David "Fuze" Fiuczynski may seem like the name of a musician that has been hiding out in the jazz witness protection program. For those voracious readers of liner notes and all things six string related the name is quickly recognized as having been listed in Guitar Player magazine's "101 Unsung Guitar Heroes." To make a long story short - this is some righteous stuff!
Fiuczynski draws from a myriad of influences with the end result his own personal genre on what some might call "Global Jazz" but Fuze simply calls Planet Microjam. This incredibly cutting edge release has Fiuczynski on a sonic treasure hunt looking for the notes that fell between the cracks. For the technically inclined we find microtones represent all intervals in between the semitones of the traditional 12 note per octave system found in Western music. Simple right? Think of it from the blues perspective as a player will ride the area between the minor 3rd and major 3rd with these notes being commonly referred to as the blue notes. The blue notes are not found on the piano. Now toss in a guitar player that performs with amazing technical precision along with a solid command of processed tones and the end result is a sonic exploratory into a musical no mans land for guitarists that few can successfully navigate much less with the end result demonstrated by the prolific talents of Fuze. For violin and various reed instruments this is nothing new but for guitar this is some heavy stuff.

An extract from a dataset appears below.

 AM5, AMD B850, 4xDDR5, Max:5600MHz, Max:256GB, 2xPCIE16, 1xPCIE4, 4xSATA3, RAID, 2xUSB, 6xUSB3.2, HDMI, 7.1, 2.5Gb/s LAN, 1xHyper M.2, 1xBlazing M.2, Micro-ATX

Opening with "Micro Emperor" which is a riff on Beethoven's 5th piano concerto we find a North African Funk flavor coupled with Fiuczynski's amazing six string pyrotechnics. Far from some sort of musical novelty act, Jack DeJohnette sits in on "Meditacion" thus quieting the skeptics. "Meditacion" is a captivating tune based on a quarter-tone string quartet by Mexican composer Julian Carrrillo. A somewhat whimsical take on Sun Ra's "Sun Song" fits in perfectly with the incredible ambient feel of this release. The original "Horos Fuzivikos" is an intense Middle Eastern jam with the subtle rock nuance thanks to drummer Kenwood Dennard. Fuze's fretless guitar will in fact sound out of tune to those that have never ventured outside the more rigid forms and functionally of improvised music in the West. Why? Again the microtonal effects combined with the additional effects and harmonic characteristic from Arabic, Turkish, Indian and East Asian is not just pushing the envelope - it's going out certified mail. Fuze is also taking the microtonal notes and stacking them into chords.

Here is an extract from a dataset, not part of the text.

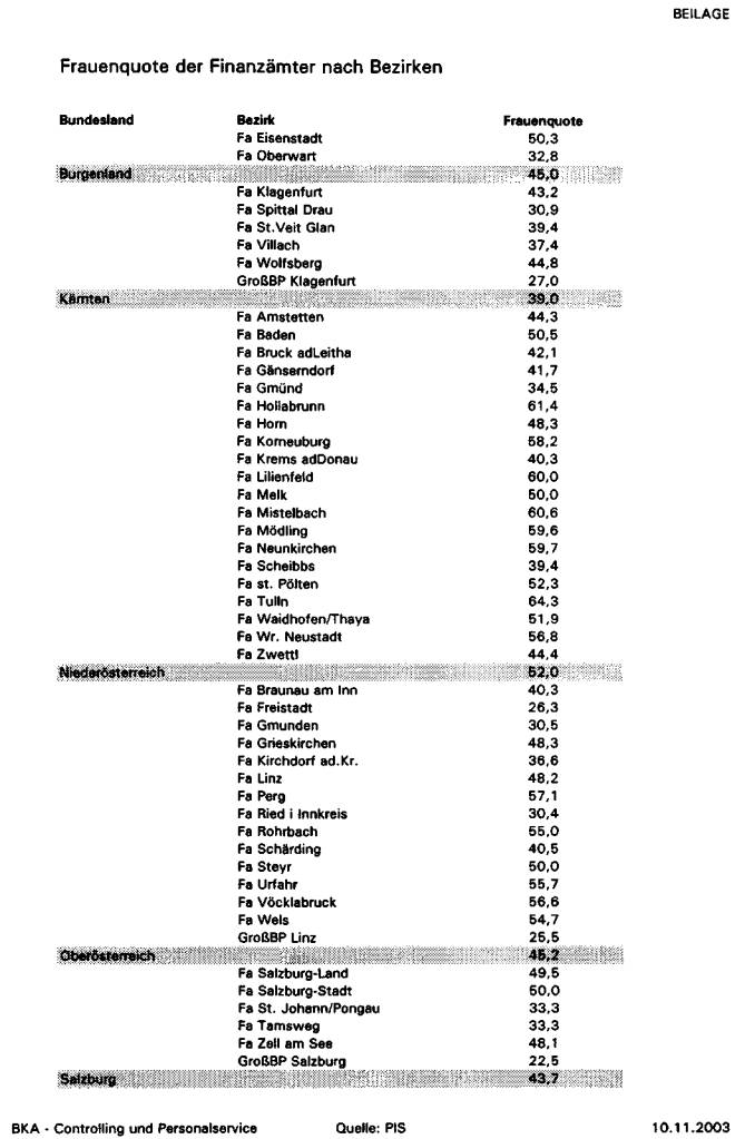 Der Frauenanteil in den Finanzämtern beträgt in Wien 53,4%,

Acceptance of this revolutionary tuning system will be like "Hope and Change" for some guitarists without the proper understanding of the numbers the end result may mean little. The six string aficionado that eats, breathes and sleeps theory may find this almost addictive. Of course Planet Microjam is used as a noun in this context, Fuze is hoping to see the transition to a verb.
In keeping with Fuze's wish and since I have waxed somewhat theoretical, I hope you enjoyed the microjammed review. Planet Microjam is a guaranteed mind blower for guitar fans and theory geeks alike. Going outside the box is indeed a good thing...
Tracks: Micro Emperor; Mystic Microjam; Meditacion; Sun Song; Horos Fuzivikos; Green Lament; Madoka Blue; En Secreto; Green Lament; Apprehension; Ragaku.
Personnel: David Fiuczynski: fretted and fretless acoustic and electric guitars,1/4 tone guitar; Evan Marien: fretless bass; Evgeny Lebedev: piano and microtonal keyboards; David Riley: violin; Takeru Yamazaki: additional microtonal keyboards.